Problem requirements:
Please give back each line of the material unchanged, but without the images.

** Opening Excerpted records block **

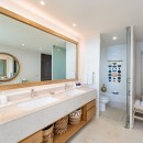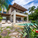 This two-level residence offers ocean vistas from nearly every room. The luxurious master bedroom includes indoor and outdoor showers, a walk-in closet, fine marble flooring, and an expansive outdoor terrace with a sitting area that overlooks the ocean, perfect for enjoying the spectacular Punta Mita sunsets during your stay.
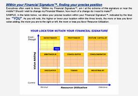 Your Financial Signature®This diagram shows the level of value-added and resource utilization characteristic to your Financial Signature. |
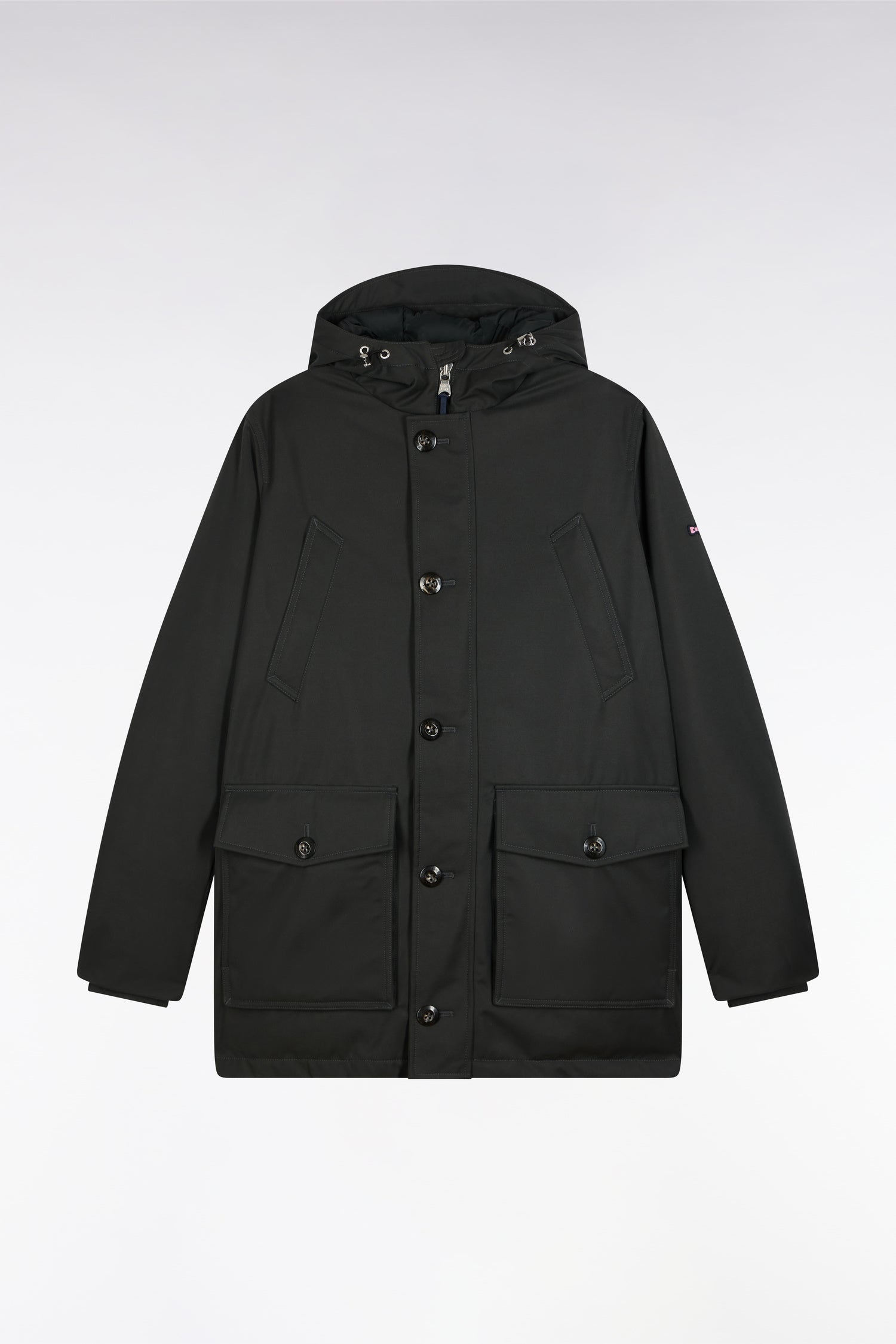 Designed by our teams to combine protection with sporty-chic elegance, this short nylon parka is available in khaki, navy or black. Featuring an integrated drawstring hood and quilted lining, it combines functionality and refinement. Multiple pockets - slit pockets on the chest, flap pockets and zipped inside pockets - add to its everyday practicality. A model with controlled volume for warm, comfortable wear.
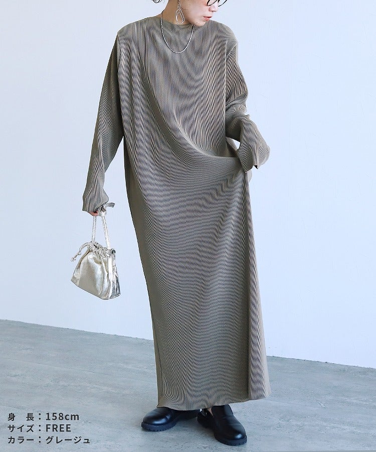 レディース ワンピース ロング マキシ プルオーバー セルフカット カットオフ プリーツ アコーディオンプリーツ ゆったり 長袖 クルーネック 丸首 アイロン要らず キレイめ キレカジ カジュアル ワンマイルウェア イージーケア 楽ちん 妊婦 マタニティ 時短 落ち感 シンプル 大人女子 30代ファッション 30代コーデ 無地 グレージュ グレーダークベージュ ブラック 黒 くすみカラー
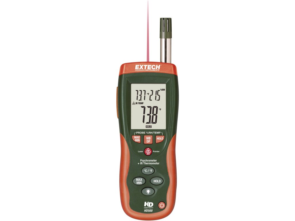 Vlhkoměr EXTECH HD500 s IR teploměrem je kombinací teploměru a vlhkoměru v jednom zařízení. Měření teploty provádí teploměr typu K pro kontaktní měření teploty. Kromě toho vestavěný IR teploměr umožňuje bezkontaktní měření teploty povrchu. Přístroj HD-500 má velký, podsvícený třísegmentový LCD displej a rozhraní USB.Specifikace:
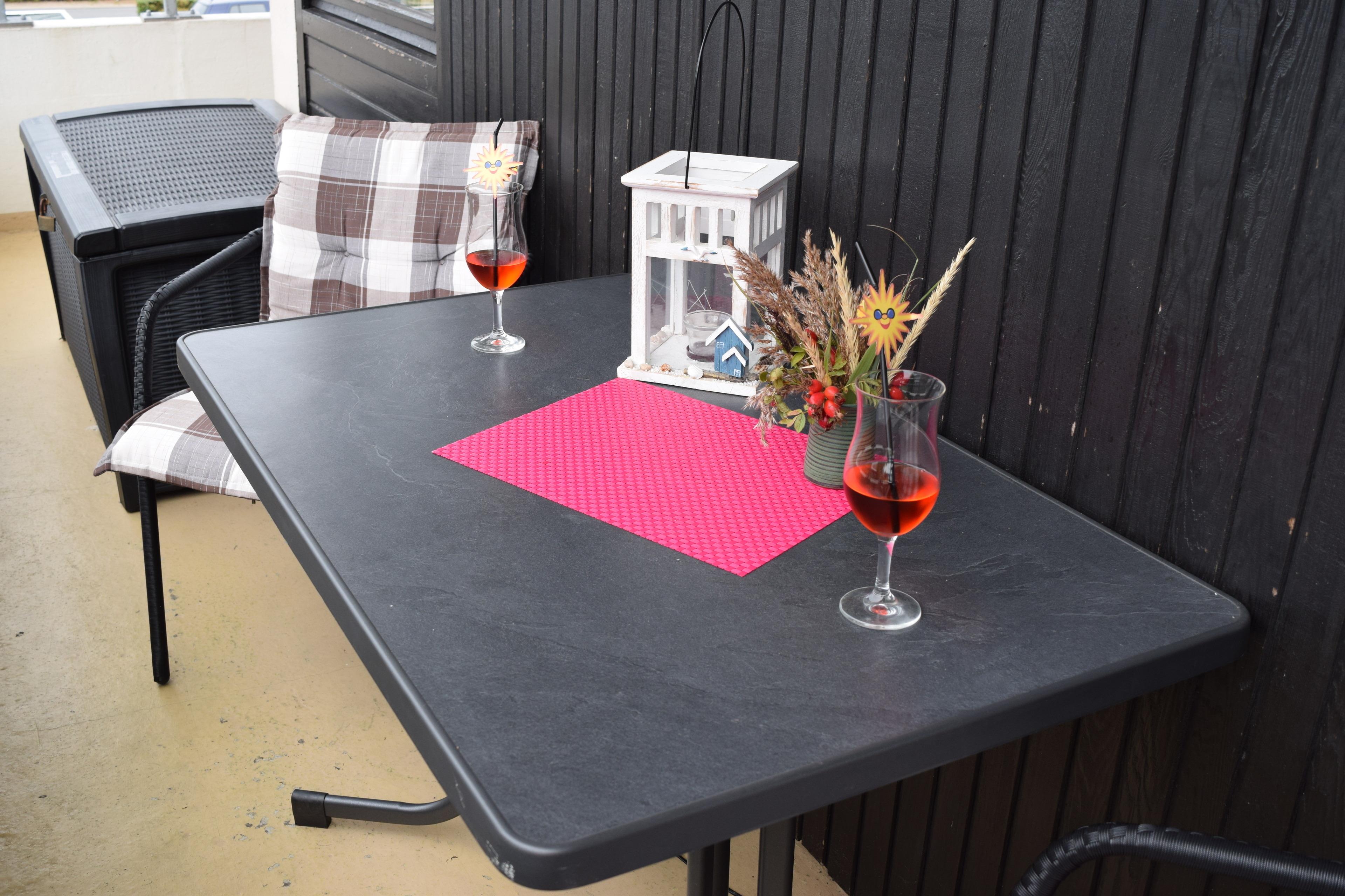 Die separate Essecke bietet einen gemütlichen Platz für gemeinsame Mahlzeiten. Die kleine Einbauküche ist bestens ausgestattet mit einem 2-Platten-Herd, einem neuen Kühlschrank mit 3*-Gefrierfach, einer Mikrowelle sowie einem Wasserkocher, Toaster und einer Kaffeemaschine.

** Closing Excerpted records block **

Exercise result:
 This two-level residence offers ocean vistas from nearly every room. The luxurious master bedroom includes indoor and outdoor showers, a walk-in closet, fine marble flooring, and an expansive outdoor terrace with a sitting area that overlooks the ocean, perfect for enjoying the spectacular Punta Mita sunsets during your stay.
 Your Financial Signature®This diagram shows the level of value-added and resource utilization characteristic to your Financial Signature. |
 Designed by our teams to combine protection with sporty-chic elegance, this short nylon parka is available in khaki, navy or black. Featuring an integrated drawstring hood and quilted lining, it combines functionality and refinement. Multiple pockets - slit pockets on the chest, flap pockets and zipped inside pockets - add to its everyday practicality. A model with controlled volume for warm, comfortable wear.
 レディース ワンピース ロング マキシ プルオーバー セルフカット カットオフ プリーツ アコーディオンプリーツ ゆったり 長袖 クルーネック 丸首 アイロン要らず キレイめ キレカジ カジュアル ワンマイルウェア イージーケア 楽ちん 妊婦 マタニティ 時短 落ち感 シンプル 大人女子 30代ファッション 30代コーデ 無地 グレージュ グレーダークベージュ ブラック 黒 くすみカラー
 Vlhkoměr EXTECH HD500 s IR teploměrem je kombinací teploměru a vlhkoměru v jednom zařízení. Měření teploty provádí teploměr typu K pro kontaktní měření teploty. Kromě toho vestavěný IR teploměr umožňuje bezkontaktní měření teploty povrchu. Přístroj HD-500 má velký, podsvícený třísegmentový LCD displej a rozhraní USB.Specifikace:
 Die separate Essecke bietet einen gemütlichen Platz für gemeinsame Mahlzeiten. Die kleine Einbauküche ist bestens ausgestattet mit einem 2-Platten-Herd, einem neuen Kühlschrank mit 3*-Gefrierfach, einer Mikrowelle sowie einem Wasserkocher, Toaster und einer Kaffeemaschine.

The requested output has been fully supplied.